Extracted data entries:

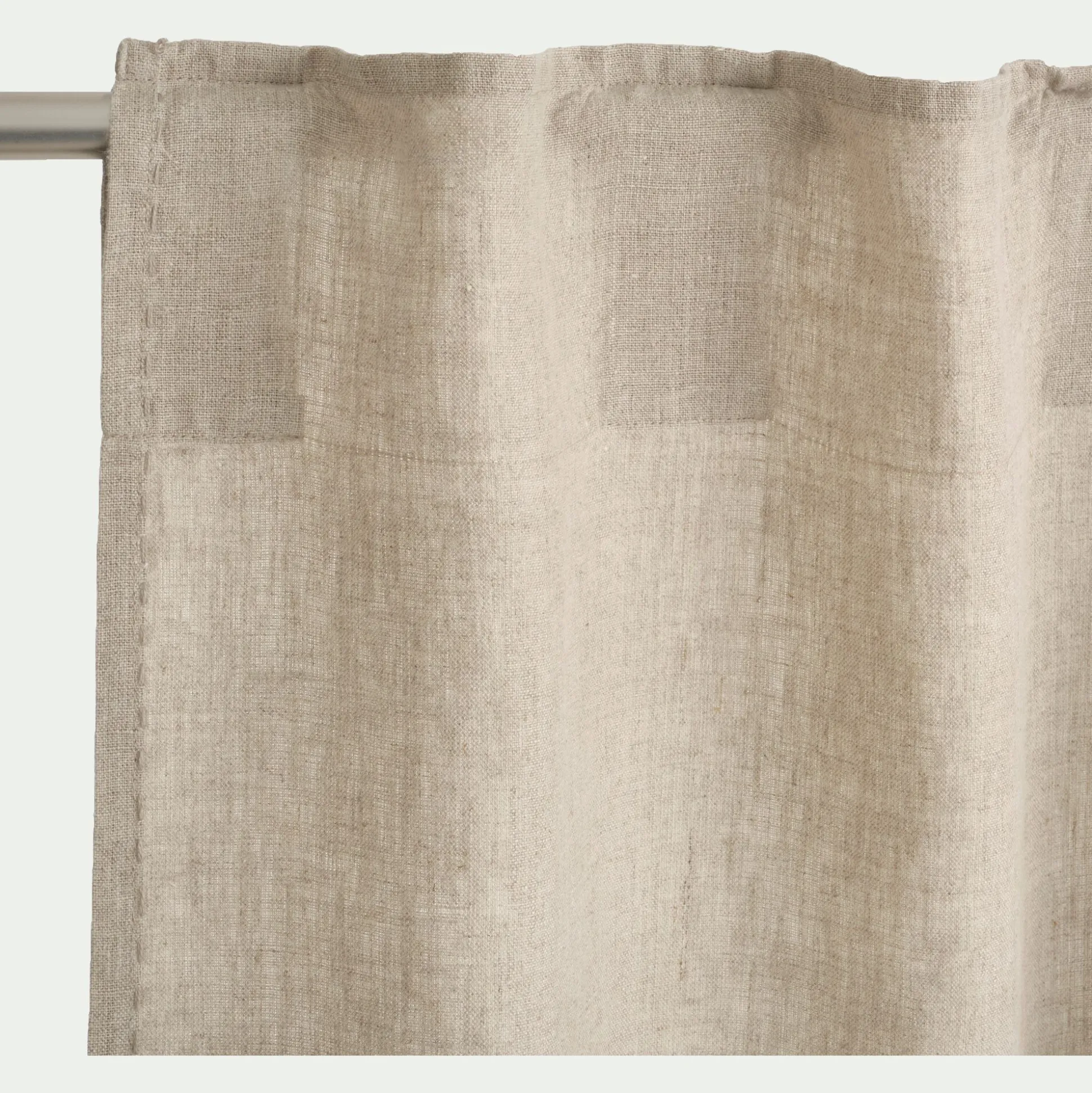 Sublimez vos fenêtres avec le rideau Vinon, un accessoire décoratif élégant à disposer sur une tringle dans le séjour ou encore dans la chambre. Ce rideau de 140×300 cm affiche un design simple et raffiné. Son étoffe en lin lavé apporte une belle texture à votre espace. Uni, ce rideau naturel exprime une modernité vaporeuse, idéal pour un intérieur accueillant et reposant. Cette belle patine beige est soulignée par une surpiqure, une finition minutieuse réalisée à la main.
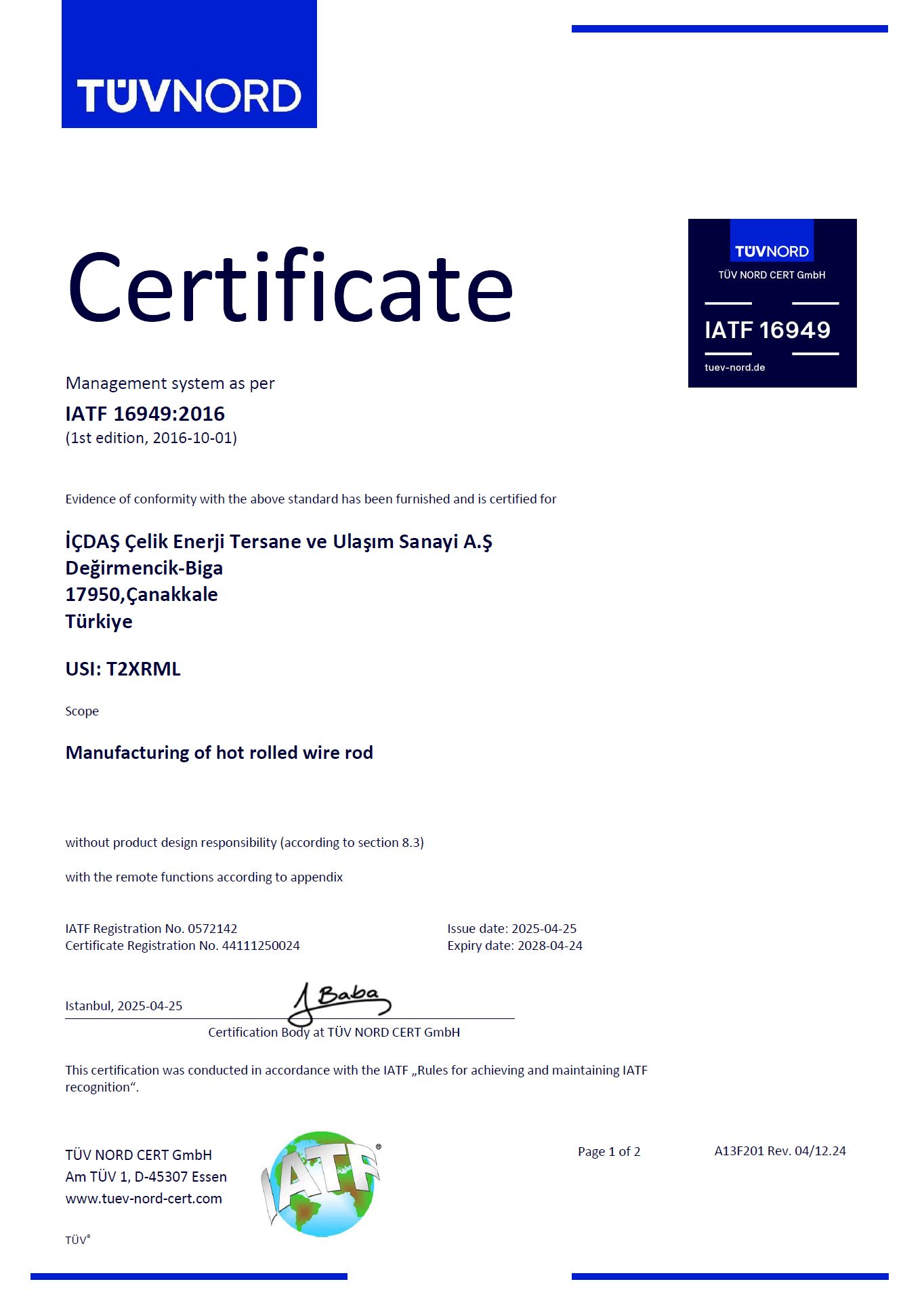 İÇDAŞ IATF 16949 Certificates
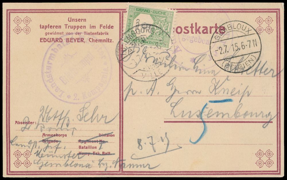1944 ZK image1915 Postcard sent from Gembloux, dated 2 June 1915, censored, rate valued by Luxembourg army, vf(Image 1) (Image 2)
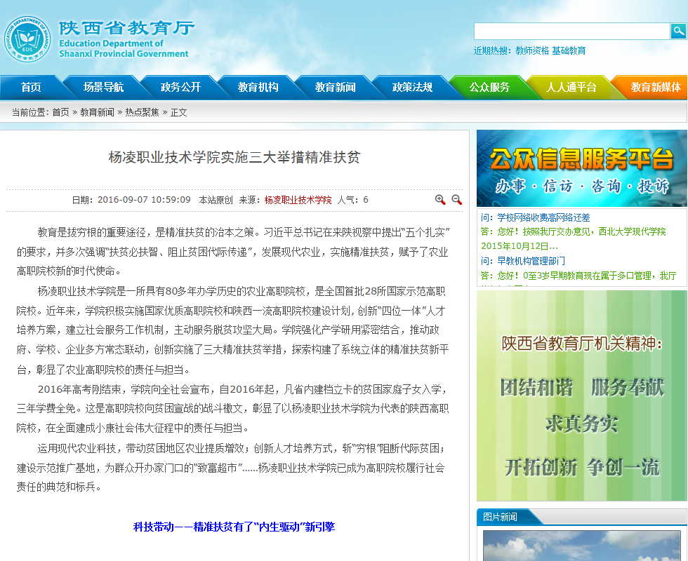 97日,陕西省教育厅网“热点聚焦”栏目,报道了我院实施三大举措,开展精准扶贫工作(详情进入)
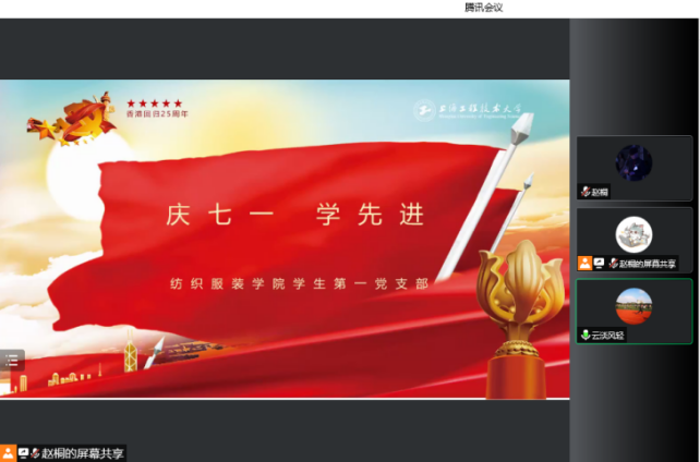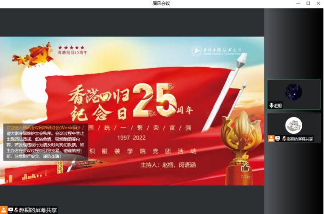 为贯彻落实习近平总书记在庆祝香港回归祖国25周年大会暨香港特别行政区第六届政府就职典礼的重要讲话精神,切实做好青年大学生的思政教育工作。纺织服装学院于7月1日集中开展了“香港回归25周年 祖国统一 繁荣富强”及“庆七一 学先进”主题党团日活动。学院带训辅导员及全体参训学生参加活动。活动紧扣中国共产党成立101周年和香港回归25周年的重大历史主题,引导同学们在军训期间深入开展党史学习,深刻理解党的百年奋斗光辉历程,筑牢“听党话、跟党走”的思想根基,赓续红色基因,传承爱国情怀。
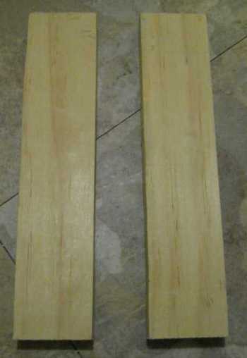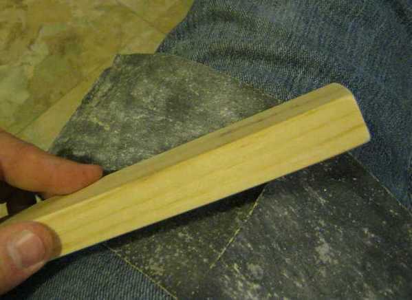 - Todos los bordes romos. Una fácil manera es descansar un pedazo de papel de lija contra la pierna o un cojín de sofá y mover la madera a través de él. Usé mi pierna y papel de lija de grano 80.
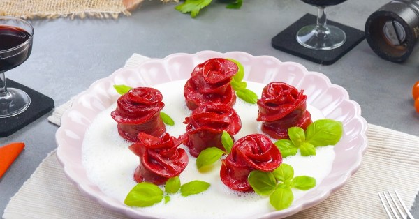 1.7 Plongez les roses terminées dans de l'eau salée frémissante et faites-les cuire pendant 10 à 15 minutes. Ajoutez un morceau de betterave rouge dans l'eau pour obtenir une couleur encore plus intense.
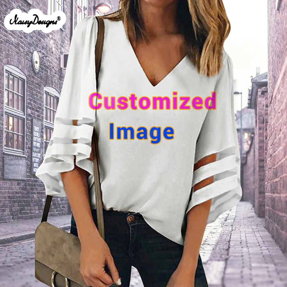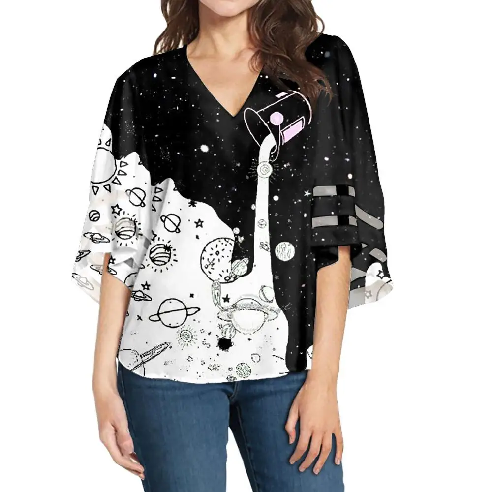 Noisydesigns2022 Летняя женская блузка, туника, женские шифоновые топы с v-образным вырезом и принтом молока, рубашки для девочек, Mujer, Прямая поставка, оптовая продажа, 4xl

*Task directions*
No pictures should appear in the copy. Print exactly the lines above from the line containing "- Todos los" through the last line of the data.

*Answer to this task*
 - Todos los bordes romos. Una fácil manera es descansar un pedazo de papel de lija contra la pierna o un cojín de sofá y mover la madera a través de él. Usé mi pierna y papel de lija de grano 80.
 1.7 Plongez les roses terminées dans de l'eau salée frémissante et faites-les cuire pendant 10 à 15 minutes. Ajoutez un morceau de betterave rouge dans l'eau pour obtenir une couleur encore plus intense.
 Noisydesigns2022 Летняя женская блузка, туника, женские шифоновые топы с v-образным вырезом и принтом молока, рубашки для девочек, Mujer, Прямая поставка, оптовая продажа, 4xl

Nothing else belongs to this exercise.